* [Given entries]
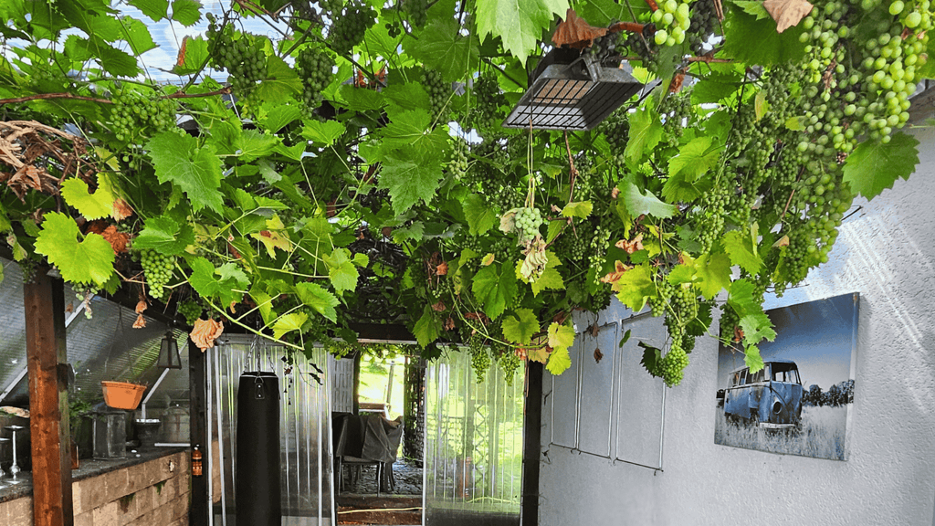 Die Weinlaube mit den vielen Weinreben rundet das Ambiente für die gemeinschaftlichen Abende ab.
--
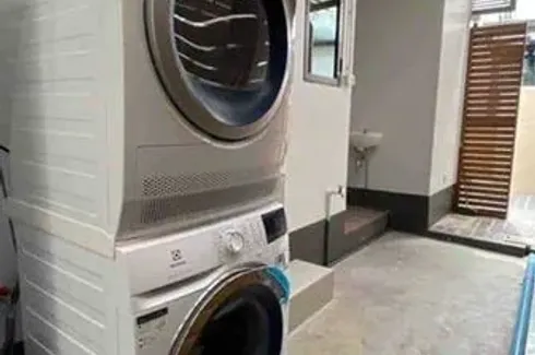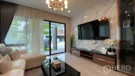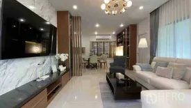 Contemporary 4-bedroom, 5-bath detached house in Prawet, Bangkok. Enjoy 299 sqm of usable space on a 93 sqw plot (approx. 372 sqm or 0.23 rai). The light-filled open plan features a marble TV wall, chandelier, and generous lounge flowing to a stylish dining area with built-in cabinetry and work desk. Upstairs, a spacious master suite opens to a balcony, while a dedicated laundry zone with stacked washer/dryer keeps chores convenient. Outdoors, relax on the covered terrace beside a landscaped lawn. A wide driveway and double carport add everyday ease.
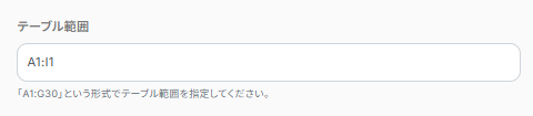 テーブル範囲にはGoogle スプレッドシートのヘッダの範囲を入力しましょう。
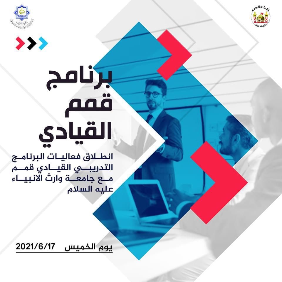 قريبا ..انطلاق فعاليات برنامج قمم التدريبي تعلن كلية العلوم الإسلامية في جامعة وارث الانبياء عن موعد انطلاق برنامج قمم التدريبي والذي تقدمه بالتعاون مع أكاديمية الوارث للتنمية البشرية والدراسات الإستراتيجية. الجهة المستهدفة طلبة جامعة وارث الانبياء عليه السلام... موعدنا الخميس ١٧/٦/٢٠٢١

* [Aim of the task] The material above holds pictures; leave them out. Repeat exactly the lines from the one containing "テーブル範囲にはGoogle スプレッドシートのヘッダの範囲を入力しましょう。" through the one containing "قريبا ..انطلاق فعاليات", and nothing else.

* [Written reply]
 テーブル範囲にはGoogle スプレッドシートのヘッダの範囲を入力しましょう。
 قريبا ..انطلاق فعاليات برنامج قمم التدريبي تعلن كلية العلوم الإسلامية في جامعة وارث الانبياء عن موعد انطلاق برنامج قمم التدريبي والذي تقدمه بالتعاون مع أكاديمية الوارث للتنمية البشرية والدراسات الإستراتيجية. الجهة المستهدفة طلبة جامعة وارث الانبياء عليه السلام... موعدنا الخميس ١٧/٦/٢٠٢١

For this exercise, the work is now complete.